Le sommet de la CEDEAO

Les conclusions du sommet de la CEDEAO

Le dossier de Kidal a occupé les échanges entre les quinze chefs d'État conviés hier à Accra au Ghana. La CEDEAO condamne les assassinats perpétrés contre les fonctionnaires maliens à Kidal le 17 mai dernier.

Elle demande que les auteurs soient arrêtés et transmis à la justice. Les chefs d'État ont réaffirmé leur soutien au président Ibrahim Boubacar Keita, reconnaît le président Burkinabé Blaise Compaoré comme médiateur de la CEDEAO à qui ils lui ont réitéré leur confiance.

Ils n'ont pas manqué également de demander au président malien l'ouverture rapide de dialogue avec les groupes armés.
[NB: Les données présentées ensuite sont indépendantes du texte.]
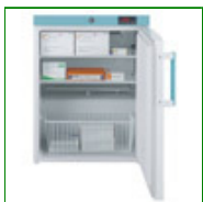
LEC WR207C Ward Refrigerator 82 Litre

This range provide the secure storage of foodstuffs within the ward environment. The newly improved range operate at +3°C with an available operating range of +1° to +5°C, all refrigerators come with lockable doors, external temperature controller and have a two year warranty .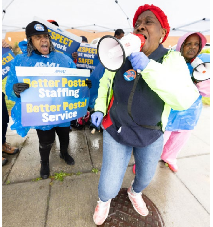
Despite heavy rain, rally-goers at the Brentwood P&DC day of action in Washington, DC were "fired up and ready to go!"

To see more highlights of the Workers Memorial Day of Action and to find out more about the ongoing campaign for respect, visit: apwu.org/respect .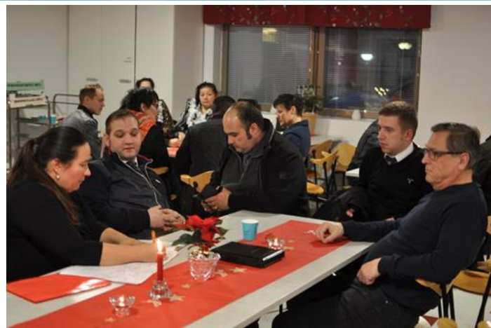
Workshops in Rovaniemi dealt with local priority areas.

As in the events organised during the previous project, the event held in Rovaniemi used dialogue methods facilitated by the Monkey Business coaching company. The participants were divided up into workshops to discuss important aspects of the Roma policy programme affecting the everyday lives of Roma people in the county, and to share experiences on the functionality of public services and examples of different cooperation networks and forms of Roma work. Participants also brainstormed ideas for this year's summer camp.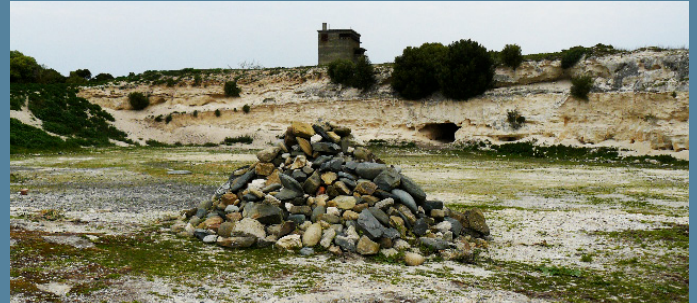
The Limestone quarry at dusk, with the famous cairn in the foreground

The much-anticipated overnight visit and hike on Robben Island began on a glorious Friday, with a smooth crossing to the island, but ended with a hasty evacuation at 7:30 the next morning when the weather started deteriorating rapidly. The return crossing was in considerable contrast to the previous day, with wind and unpleasant swells. An attempt to complete this geological experience had to be aborted due to the weather, and the trip has been postponed until a suitable time can be arranged - depending on the weather yet again!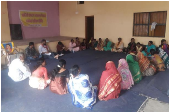
Leadership building training with women sangathan members, 1 st Nov, Latur dt, Maharashtra

Uttarakhand - MATI has been working to eradicate alcoholism, raise issues in management of van panchayats, increase livelihood opportunities and provide trainings on local self-government and the proper implementation of social welfare schemes. In their work against liquor mafias following which they had faced false cases against some of the karyakartas. After six years on 26 July 2017 the case was proved false and the court dismissed the case. Celebrating this victory there was a meeting organized on 6 th September 2017 by the sangathan at Almora. There the history of the whole movement was recalled; how they had started the movement against liquor mafia, the problems they faced, how govt. and mafia tortured and filed false cases against them. Later a memorandum with demands of closure of the sale of liquor and other demands were sent to the CM of Uttarakhand. There were 3 more village level meetings were conducted for spreading awareness regarding impact of liquor. addressing violence. Four individual cases were addressed and through meetings awareness was spread among people.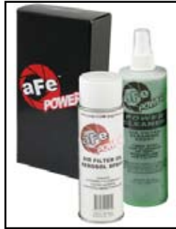
Gold Aerosol Restore Kit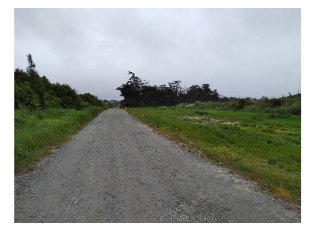
Suggested dog park area. View from Tunnel Road.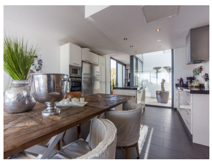
Elegant dining area with kitchen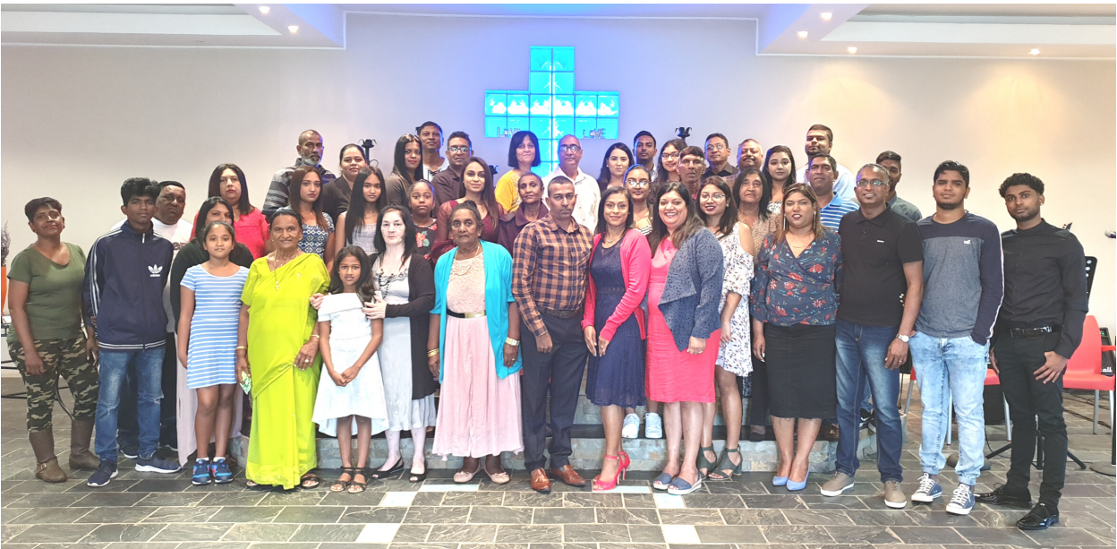
Part of the First Baptist Congregation in 2019

We are a family on a mission to build His house, for His fame in His world.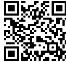
QR Code for Registration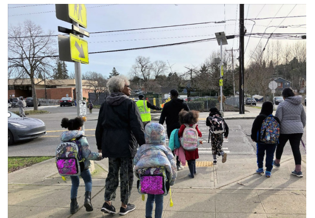
Families cross at the push button crossing beacon (S Henderson St at 50th Ave S) by South Shore PK-8

Visit our webpage to learn more and sign up for email updates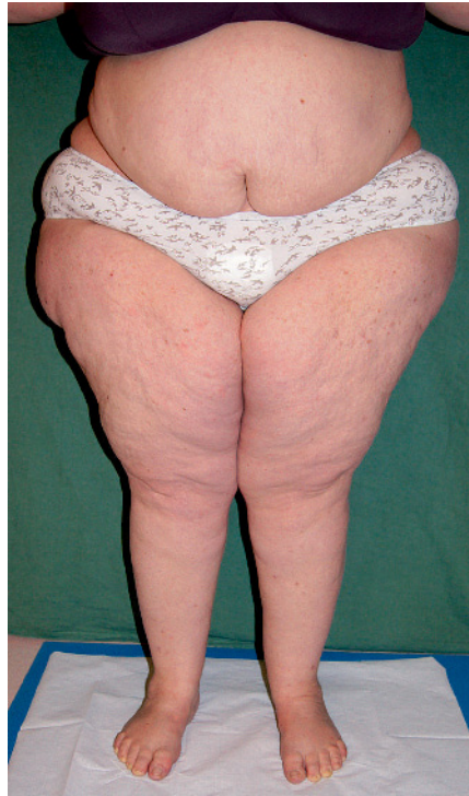
Fig. 1 Patient with lipohypertrophy of the thighs and pelvic region

This lack of objective and clear diagnostic criteria also means that no reliable figures exist on the prevalence of lipoedema. In the vast majority of cases, the lipoedema is diagnosed either by physicians with little experience in lymphology or, almost more often, by the patients themselves. In our patient population, the diagnosis of lipoedema (and, even more frequently, the diagnosis of “lipolymphoedema”) is by far the most common misdiagnosis that we encounter on a daily basis. All the figures circulating on prevalence, including those in scientific publications, are completely devoid of any evidence and are therefore not presented here (3).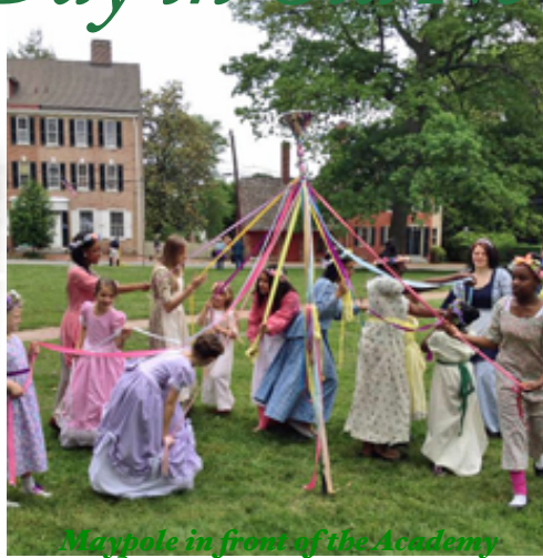
Maypole in front of the Academy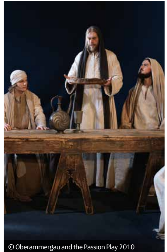
© Oberammergau and the Passion Play 2010

This is a provisional itinerary. Tour details currently subject to change.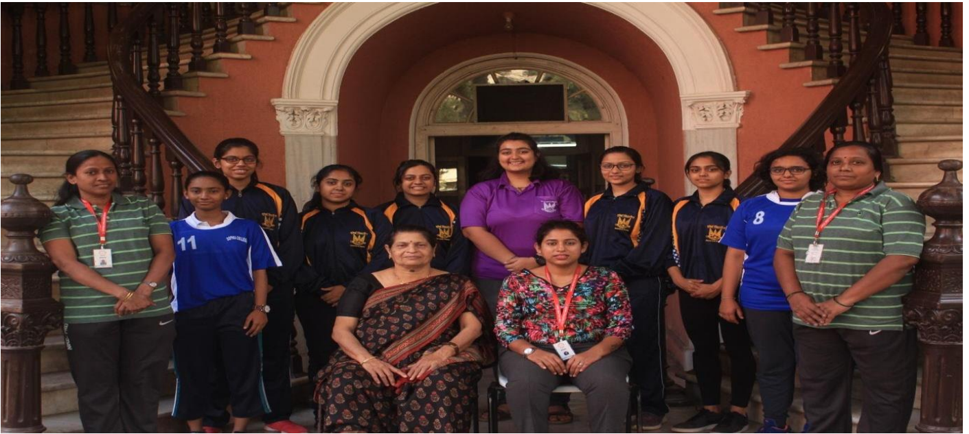
National Level Athletes of the year with the Sports faculty (2018-19)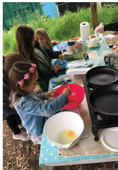
Figure 1 Family Bushcraft

Regular sessions have provided support, skills development, and social contact to vulnerable and often isolated adults.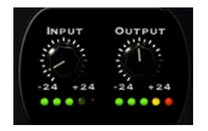
Figure 3: Output LED indicating maximum signal level

These controls are particularly useful with the different Analog Style algorithms (found in the Tweak Menus for each mode), allowing you to adjust the amount of saturation and distortion present in PanMan.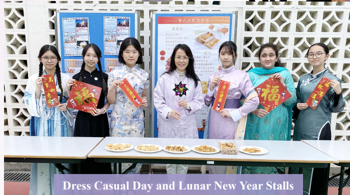
Dress Casual Day and Lunar New Year Stalls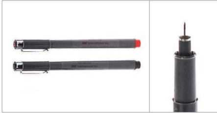
Micro-Tip Cryo-Marker™ F-1B Black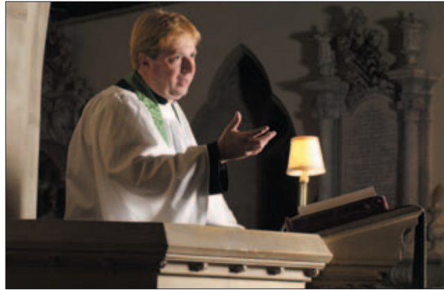
Plate 2.2 Would you be more likely to help someone in need after hearing a sermon on the parable of the Good Samaritan?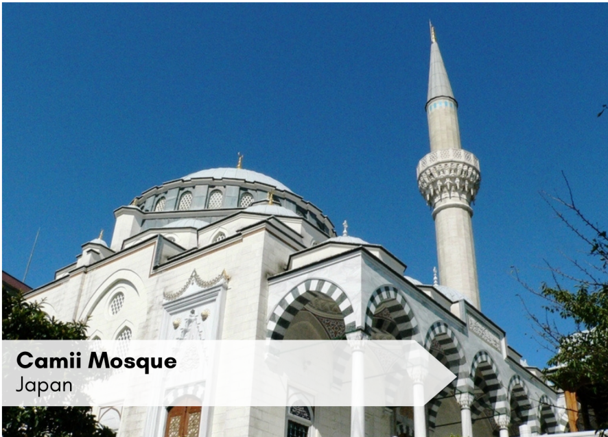
Camii Mosque Japan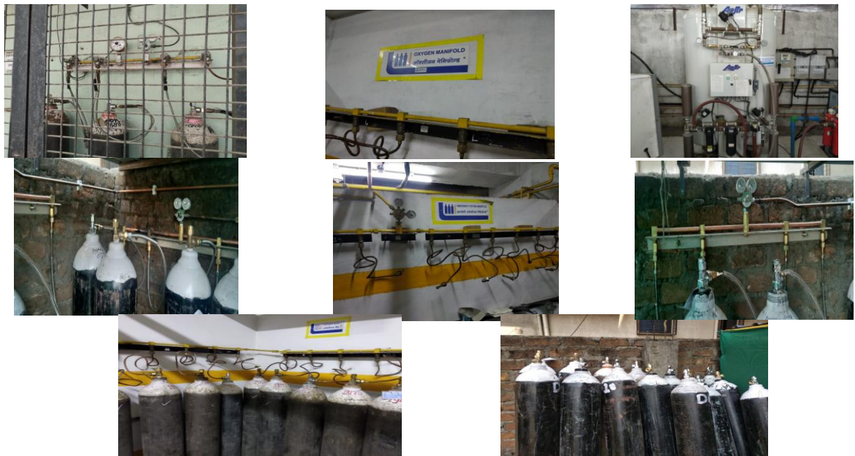
Fig. 1 Oxygen Plant Arrangement

Photographs Shows the actual Observation in Hospital : There are different plant layouts shows in following fig.1 The every Hospital their own layout depending upon the capacity of bed, building arrangement, financial capacity of owner. The arrangements of cylinder, pipeline, safety guards shows in figure. Photographs from hospital which the name indicated in 1.1 Table.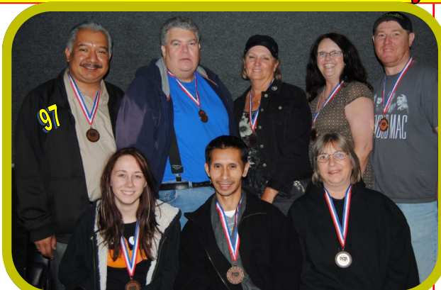
BRONZE -- POOL HUSTLERS

"Body English's" journey to the finals could not have been a longer journey They started out at the Rodders on Friday Night and ended up being slammed to the loser's side by " The Danger Zone ." Fortunately they drew a "bye" and didn't have to come in and play until the 1 PM against Pub 181's " The Pub Crawlers ." When the dust settled the Pub Crawlers went crawling home, while the "Body English" contorted themselves into the next round. In the 5 o'clock round " Body English ." came up against another Pub 181 team—"Secret Society." After that match it was no secret any longer—they too were out the door crawling after the other pub 181 team. Next, it off to get a night's sleep before Sunday's 9:00 AM Morning Medal round where they would face Sam's " Sofa Kings " It was a tough match for both teams as it came right down to the wire, but "the (Continued on Page 3.)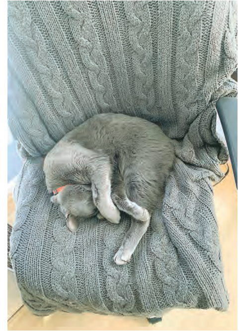
Shilo sleeps on his favorite chair.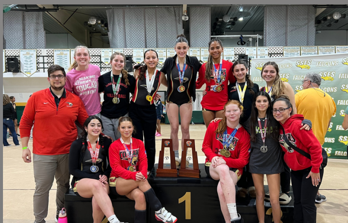
Girls Weightlifting team finished District Runner Up Regionals are up next!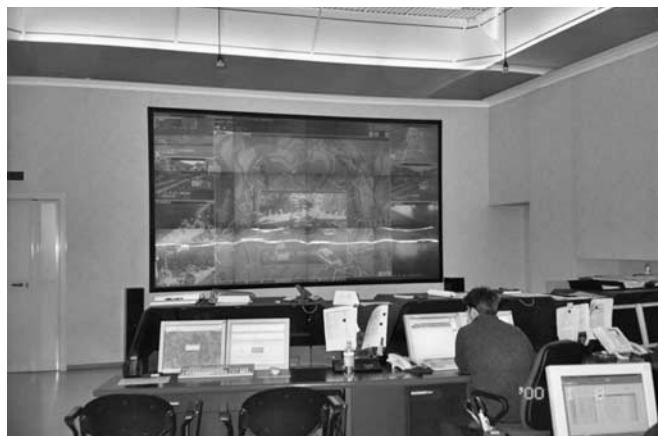
Figure 8 ITS Traffic Control Center managed by STA in Rome, Italy.

Information at the center is collected from a distributed system of 2,500 fixed roadway sensors and 60 strategically placed cameras. The cameras have the ability for remote field of vision manipulation to

Ce jeudi, les groupes armés et un représentant de la présidence malienne se sont rencontrés au Burkina. Maintenant, beaucoup de problèmes sensibles restent à régler comme le cas des prisonniers détenus des deux côtés, et les détails du dialogue.

Les négociations entre l'Etat et les groupes armés sont devenues un impératif majeur. Ces propos sont du professeur Oumar sangaré, politologue. Pour lui, tous les acteurs de la crise doivent se retrouver pour négocier. Oumar sangaré est joint par Mahamane Almaimoune.

Les négociations entre l'Etat du Mali et les groupes sont devenues un impératif majeur. L'Etat ne peut plus se démarqué. Du point de vue rapport de force et positionnement sur le terrain, l'avantage est en faveur des forces dissidentes. Et donc on ne peut ne pas tenir compte de leur présence et de leur implication dans les négociations. Le dispositif de négociation n'est plus unitaire mais s'articule autour de l'ensemble des protagonistes, des acteurs politiques de la région et des forces en présence. Ainsi on peut trouver la plate-forme pour poser les bases d'une négociation durable.